International Federation of Journalists has triggered a process for expelling the Russian Union of Journalists
The International Federation of Journalists (IFJ) has triggered a formal process for suspending and expelling the Russian Union of Journalists. IFJ Deputy General Secretary Jeremy Dear said so in an emailed response to Reuters regarding corruption allegations.
Finnish, Norwegian, Danish and Icelandic unions will quit a global media federation on January 31 in protest at "corruptive activity", including allowing Russian state media journalists in Ukraine to stay as members. They accused the IFJ of "longstanding undemocratic practices, unethical finances and of allowing the Russian state media representatives to continue as members."
Hanne Aho, the chairwoman of the Union of Journalists in Finland, told Reuters that the Nordic unions had fought for years to draw attention to the problems within the Federation, but the IFJ did not take action against the Russian Union of Journalists for setting up regional journalists' associations in Ukrainian territories invaded by Russia.
"We call this corruptive activity," Aho said, adding the four Nordic unions would resign from the IFJ on Tuesday (January 31 – Ed.).

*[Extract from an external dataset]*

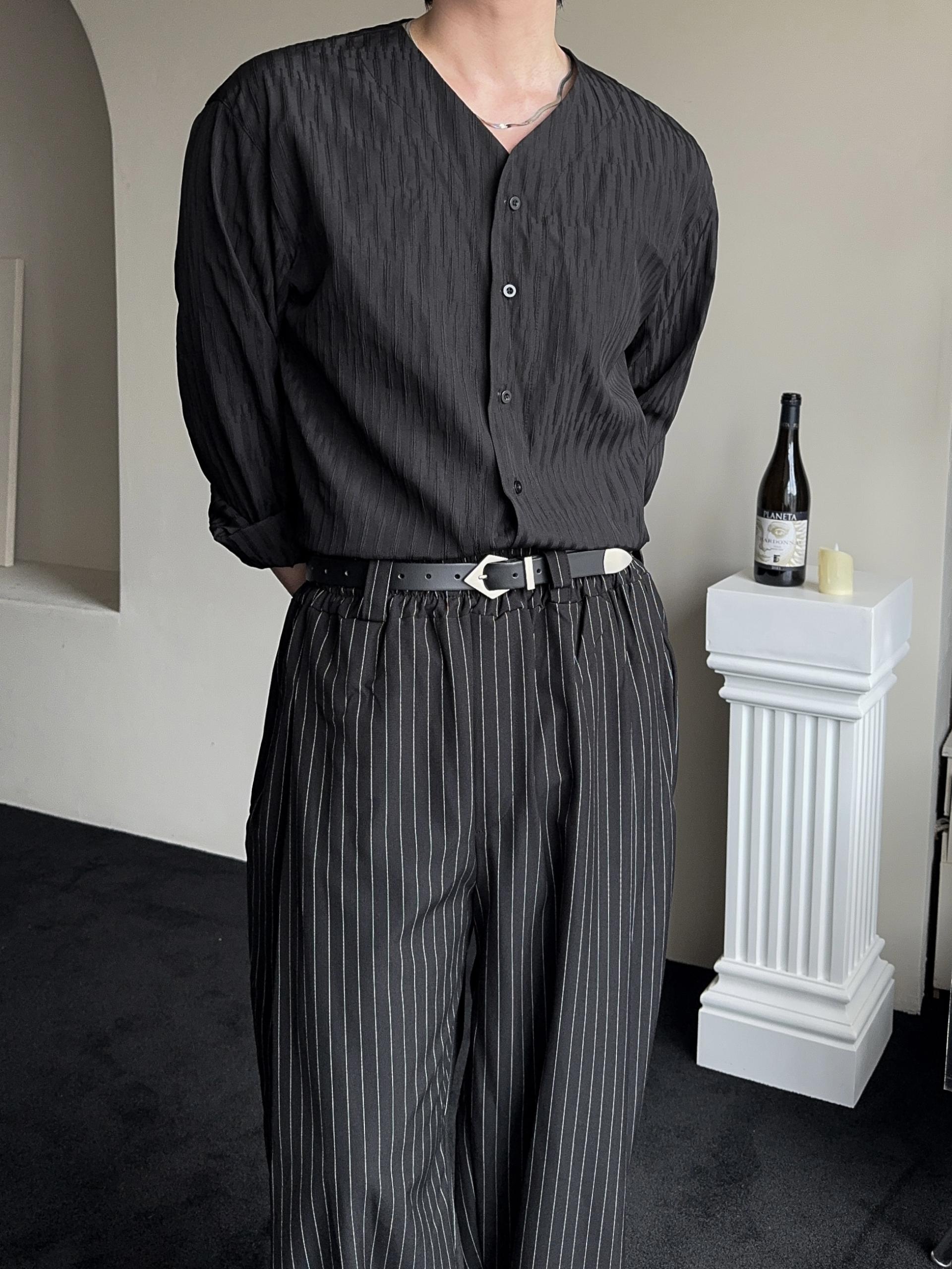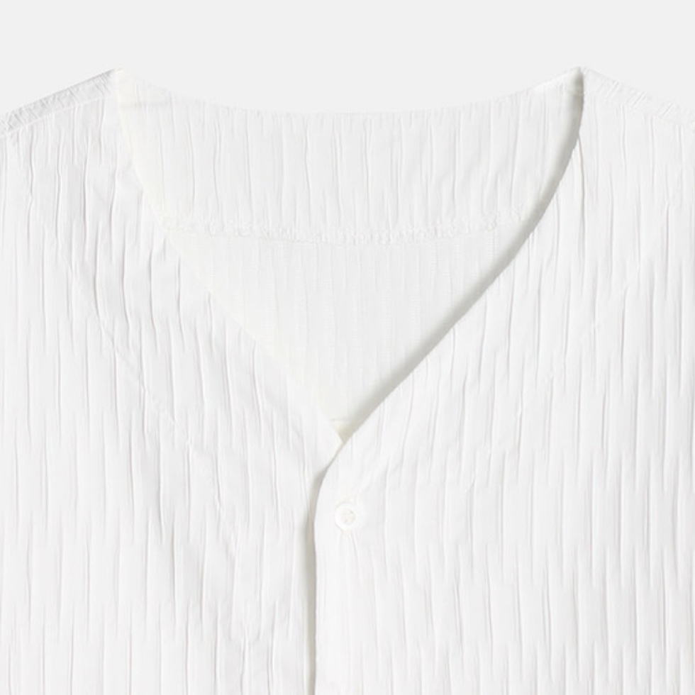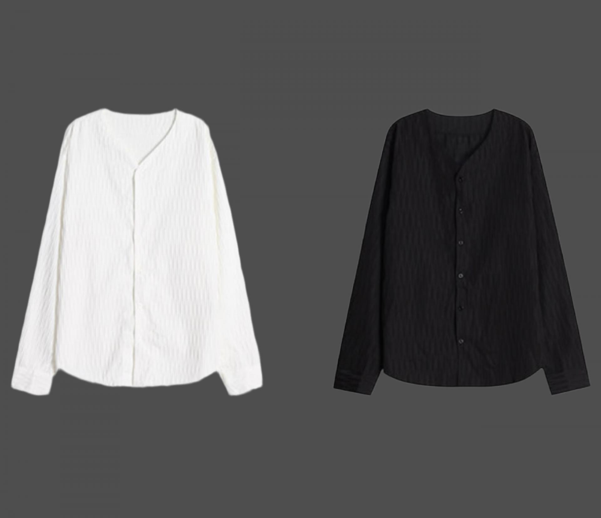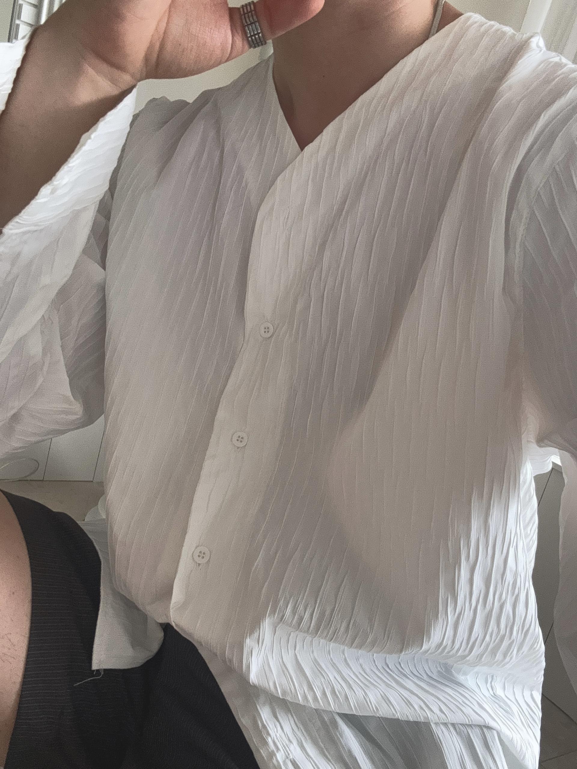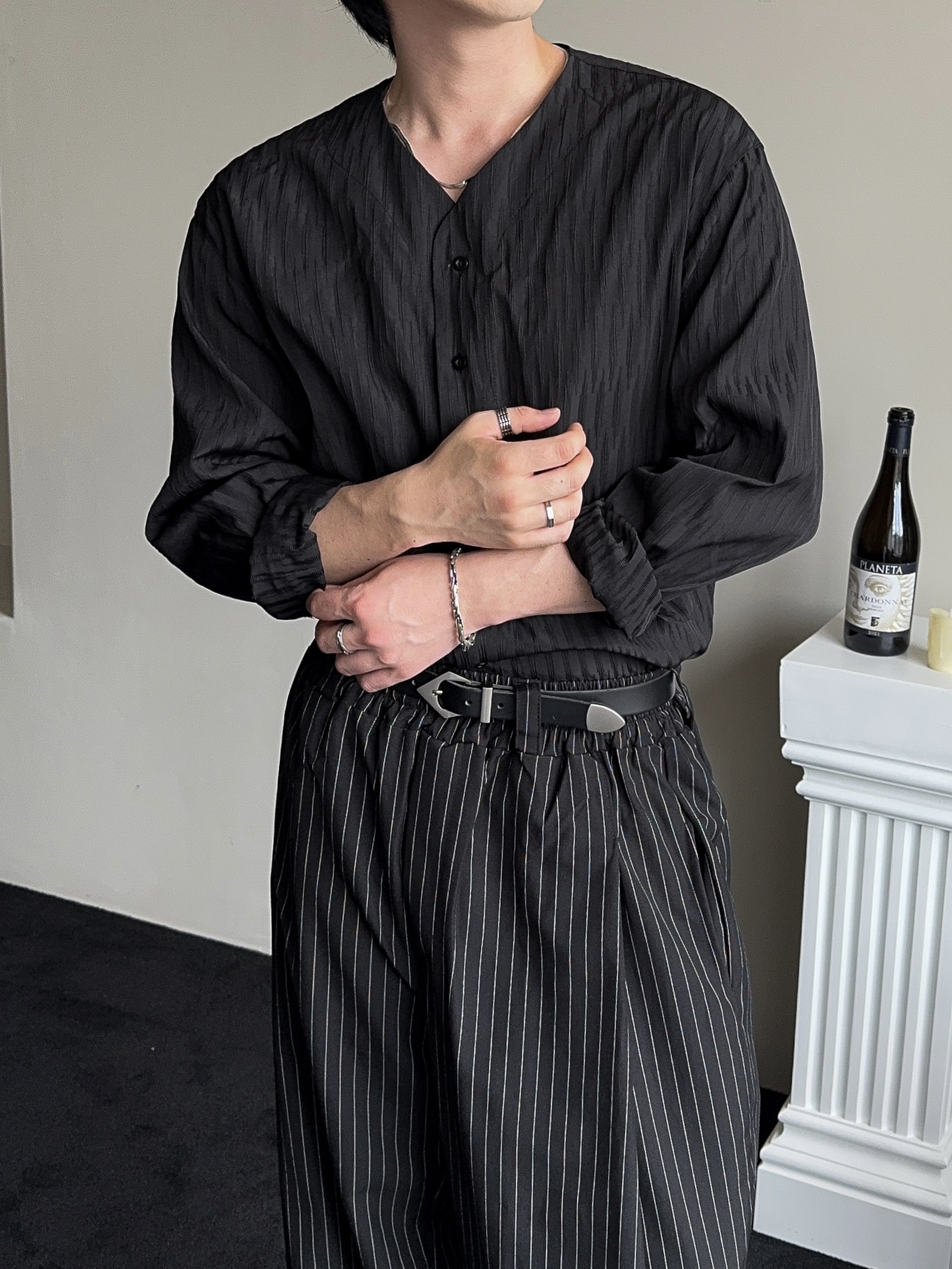 -깔끔한 논카라 디자인의 플리츠 셔츠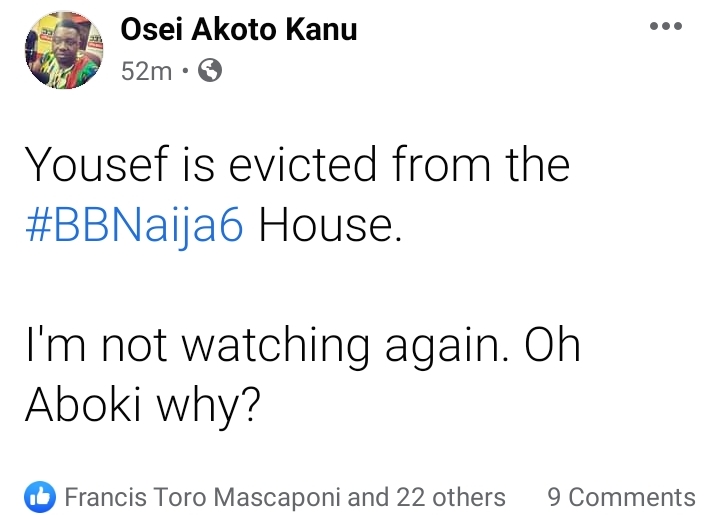 “Yousef is evicted from the #BBNaija6 house. I’m not watching again. Oh Aboki why?”, Osei wrote on his Facebook wall.

The Nordic unions also complained about what they said was the IFJ's non-transparent use of finances, including its decision to hold its world congress last year in Oman, which is an autocratic country with limited press freedom, Aho said. "Trappings at the congress were extremely flamboyant so we began to wonder where the money had come from to pay for them," Aho said.
Aho said the Union of Journalists in Finland had requested and received IFJ's budget for the congress, which showed that up to 745,000 euros ($811,000) of the total of 778,000 euros came from Omani ministries and private companies as well as the Oman Journalists' Association, while IFJ itself paid only 33,000 euros of the expenses. The IFJ said the amounts included subsidies negotiated by the Oman Journalists' Association.
The Nordic unions also condemned the low staff turnover in the governing bodies of the Federation, suspecting that the organization's internal elections may have involved undemocratic practices.
However, IFJ Deputy General Secretary Jeremy Dear denied the allegations and said that the executive committee had triggered a formal process for suspending and expelling the Russian Union of Journalists. "We entirely reject what are false, defamatory and damaging allegations," he said.
The International Federation of Journalists, which represents 600,000 journalists in 146 countries, calls itself "the global voice of journalists," many of whom strive to expose corruption and human rights violations.
On their website, the IFJ says they do not subscribe to any given political viewpoint, but promote collective action to defend human rights, democracy and media pluralism.
As IMI reported, in May 2022, the Association of Ukrainian Media, Journalists and Public Organizations "Media Movement" addressed the International Federation of Journalists, calling on it to expel the Russian Union of Journalists. This issue had already been raised at the IFJ in early March by a number of representatives of Northern European countries.
Media Movement also called on domestic authorized representatives of the IFJ (Serhiy Tomilenko of NUJU and Serhiy Shturkhetsky of IMTUU) to include this issue in the agenda of the IFJ congress, which was to be held on 31.05–03.06 in Oman.
In October, it became known that the Russian state propaganda company "All-Russian State Television and Radio Broadcasting Company" plans to open its branches in the occupied territories of Luhansk, Donetsk, Kherson and Zaporizhzhia oblasts.
The European Federation of Journalists (EFJ) condemned the establishment of branches of the Russian Union of Journalists (RUJ) in the Ukrainian territories illegally annexed by Russia and called on the RUJ to renounce these settlements.